▶ **Data for this task**:
════════════════════

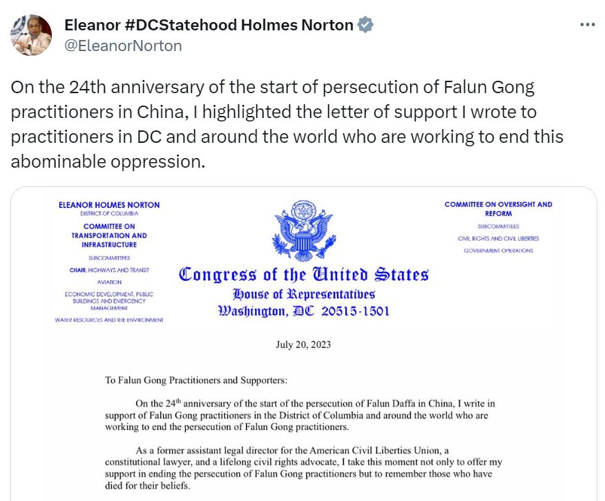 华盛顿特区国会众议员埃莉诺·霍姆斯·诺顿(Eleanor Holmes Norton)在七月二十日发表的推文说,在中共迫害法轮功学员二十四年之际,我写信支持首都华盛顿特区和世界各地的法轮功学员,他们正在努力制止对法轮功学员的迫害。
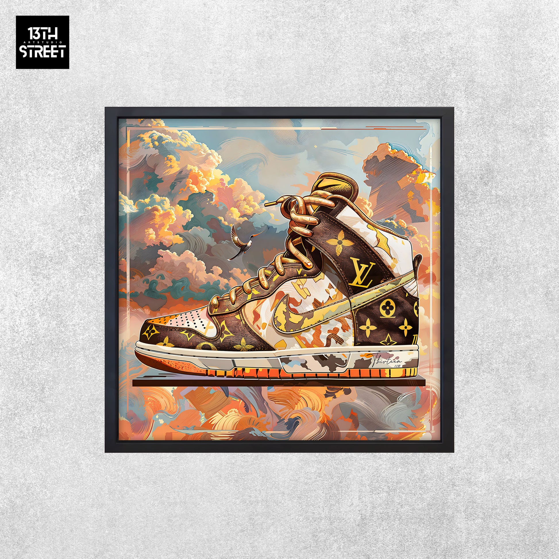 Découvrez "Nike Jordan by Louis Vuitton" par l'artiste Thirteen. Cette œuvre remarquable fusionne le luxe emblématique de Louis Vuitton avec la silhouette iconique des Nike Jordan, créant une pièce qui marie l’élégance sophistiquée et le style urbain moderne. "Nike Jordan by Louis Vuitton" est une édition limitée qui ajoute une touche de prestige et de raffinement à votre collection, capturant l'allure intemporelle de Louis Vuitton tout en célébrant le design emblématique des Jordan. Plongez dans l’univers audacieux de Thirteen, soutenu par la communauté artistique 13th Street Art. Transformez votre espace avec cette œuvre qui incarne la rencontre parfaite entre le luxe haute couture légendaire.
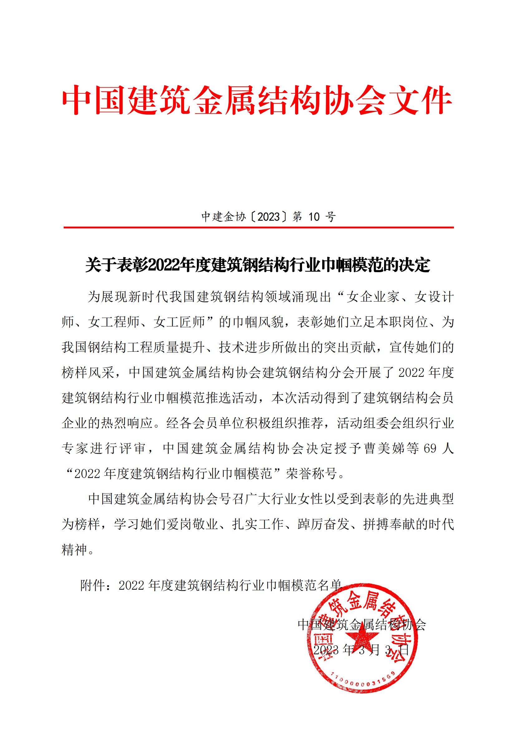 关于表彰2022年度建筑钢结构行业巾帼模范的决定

════════════════════

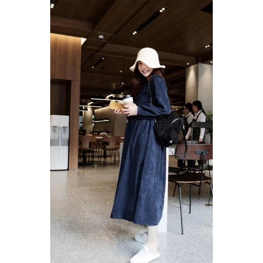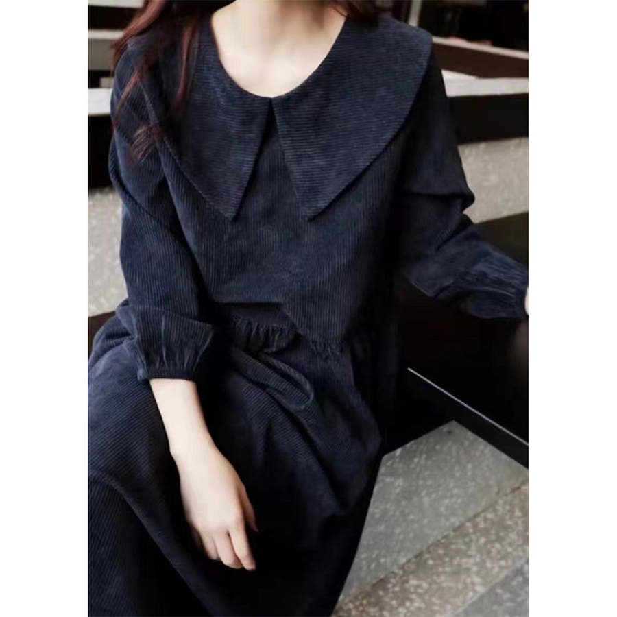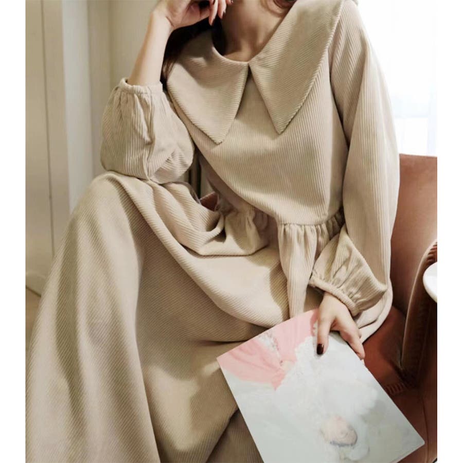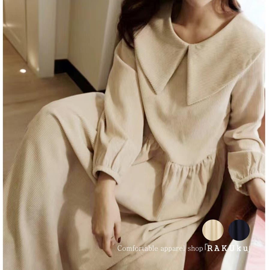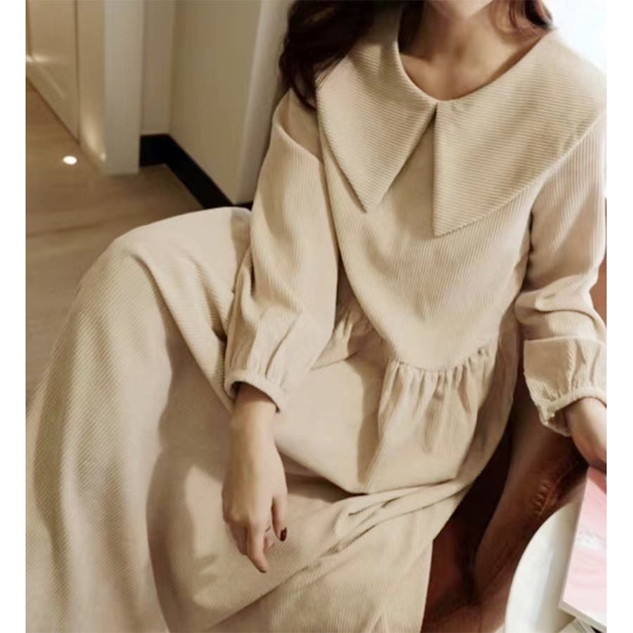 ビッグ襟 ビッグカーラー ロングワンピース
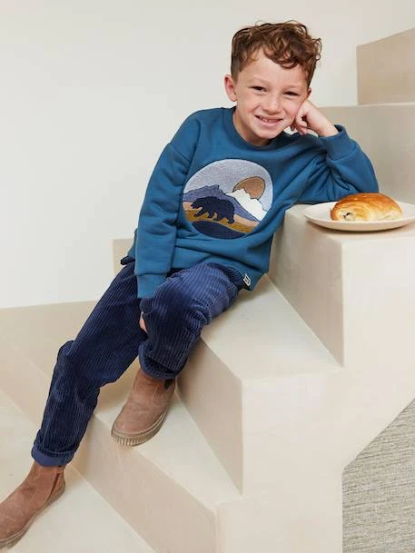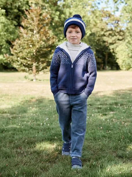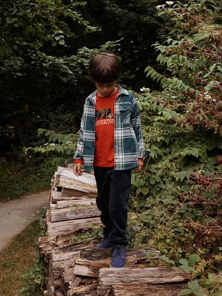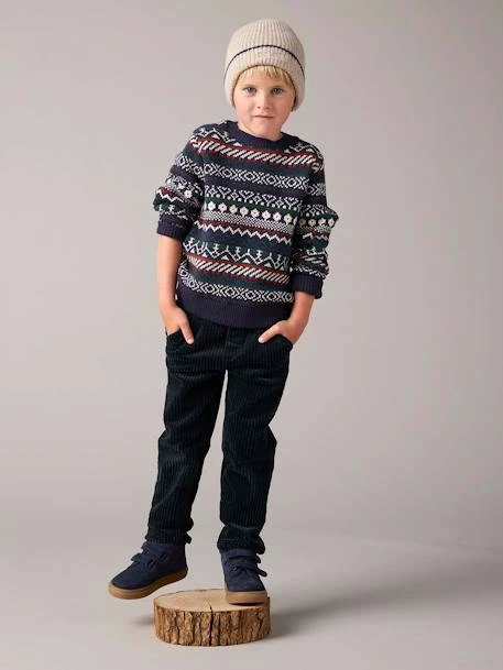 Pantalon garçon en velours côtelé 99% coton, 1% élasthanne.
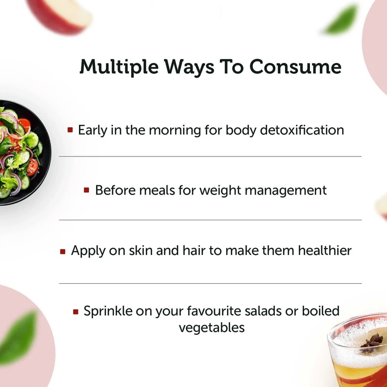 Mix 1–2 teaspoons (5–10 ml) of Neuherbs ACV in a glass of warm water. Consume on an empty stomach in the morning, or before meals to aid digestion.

════════════════════

▶ **Work item**:
Line for line, output the entries above from the line with "Pantalon garçon en" to the line with "Mix 1–2 teaspoons", both included, and nothing more. Skip pictures.

▶ **Solution**:
 Pantalon garçon en velours côtelé 99% coton, 1% élasthanne.
 Mix 1–2 teaspoons (5–10 ml) of Neuherbs ACV in a glass of warm water. Consume on an empty stomach in the morning, or before meals to aid digestion.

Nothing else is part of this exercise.